Karede trok zijn wenkbrauwen op. Dit was het speelgoedje? Melitene en Mylen haalden tegelijk geschrokken adem, en de jongeman lachte blaffend. ‘Je ziet, het werkt niet bij mij. Laat nu die verdomde schilden los, anders trek ik jullie uit je verdomde zadel en geef ik jullie een pak slaag.’

Melitenes gezicht betrok. Maar weinig mensen durfden zo tegen een der’sul’dam te spreken.

‘Laat de schilden los, Melitene,’ zei Karede.

‘De marath’damane stond op het punt saidar te omhelzen,’ zei ze in plaats van te gehoorzamen. ‘We weten niet wat ze misschien...’

‘Laat de schilden los,’ zei hij ferm. ‘En laat de Kracht los.’ De jongeman knikte tevreden, draaide zich toen plotseling om en wees naar de drie Aes Sedai. ‘Nu moeten jullie niet ineens gaan beginnen! Zij heeft de Kracht losgelaten. Jullie doen dat ook. Meteen!’ Weer knikte hij, alsof hij er zeker van was dat ze hem hadden gehoorzaamd. Zoals Melitene naar hem staarde, was hij dat misschien ook. Misschien was hij een Asha’man? Misschien konden Asha’man het op de een of andere manier voelen wanneer een damane geleidde. Het leek onwaarschijnlijk, maar iets anders kon Karede niet verzinnen. Toch strookte het niet echt met de manier waarop ze zeiden dat Tylin met de jongeman was omgegaan.

‘Op een dag, Mart Cauton,’ zei Joline zuur, ‘zal iemand je leren het juiste ontzag te tonen aan Aes Sedai, en ik hoop dat ik er dan bij ben.’ De hoogvrouwe en Selucia lachten bulderend. Hij was blij te zien dat ze zich niet had laten kisten door haar gevangenschap. Ongetwijfeld had het gezelschap van haar kamenierster geholpen. Maar het was ook tijd om de volgende stap te zetten. Tijd om zijn waanzinnige gok te wagen.

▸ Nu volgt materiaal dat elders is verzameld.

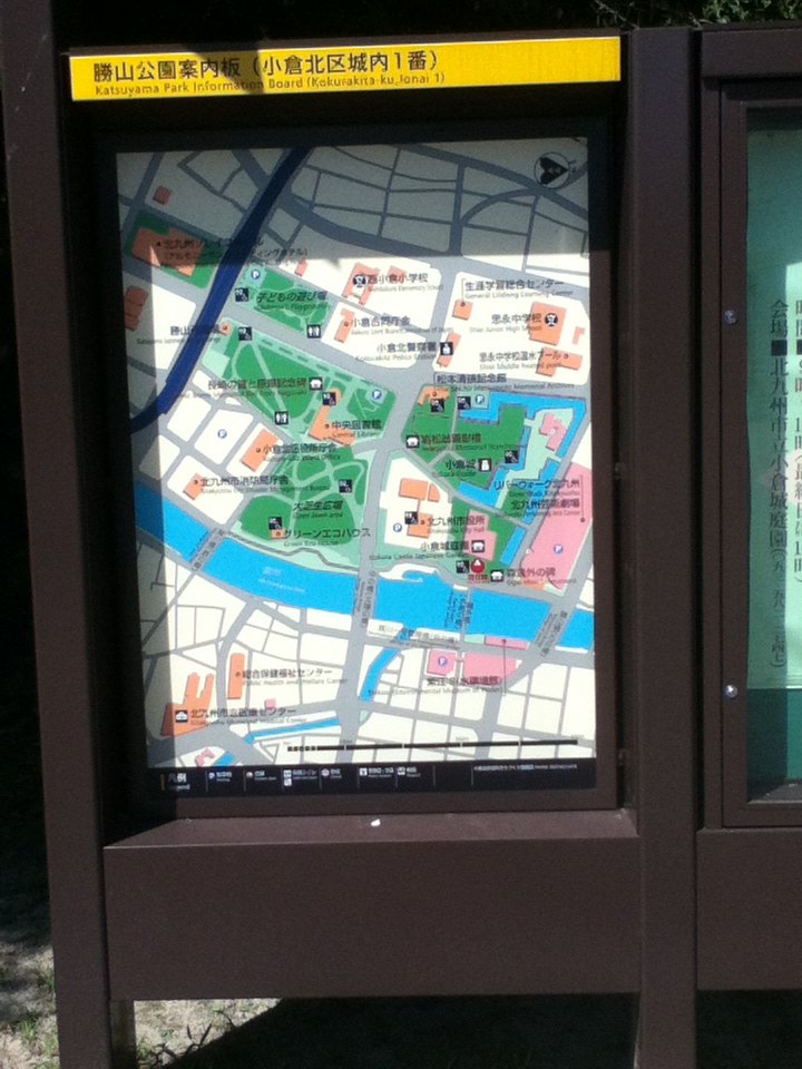 小倉城から大きな道路を挟んだ位置にある勝山公園ですが、規模としてはかなり大きな公園です。川沿いを眺めながら歩いてくると、駅からは結構距離があるのですが、散歩コースとしては良いので、案外すぐについてしまうと思いますよ。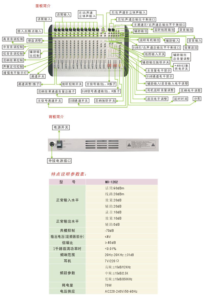 特点说明: 三种调音台的尺寸如下 (长×宽×高):MX-602: 340×350×65mmMX-802: 350×400×65mmMX-1202:350×620×65mm

‘Generaal Merrilin,’ zei Karede, ’u hebt een korte maar opmerkelijke actie gevoerd en wonderen verricht door uw troepen onopgemerkt te laten blijven, maar er kan ieder ogenblik een einde komen aan uw geluk. Generaal Chisen heeft uw echte doel achterhaald. Hij heeft zijn leger rechtsomkeert laten maken en komt zo snel mogelijk op de Malvidepas af. Hij zal hier overmorgen zijn. Ik heb tienduizend man niet ver hiervandaan, genoeg om u vast te houden tot hij aankomt. Maar dat zou hoogvrouwe Tuon in gevaar brengen, en dat wil ik niet. Laat me met haar vertrekken, dan laat ik u en uw mannen ongehinderd gaan. U kunt al aan de andere kant van de bergen zijn, in de Molvainekloof, voor Chisen arriveert, en in Morland voor hij u kan inhalen. De enige andere keus is dat jullie worden uitgeroeid. Chisen heeft daar voldoende manschappen voor. Het zal geen strijd zijn. Honderdduizend man tegen achtduizend, dat wordt een slachtpartij.’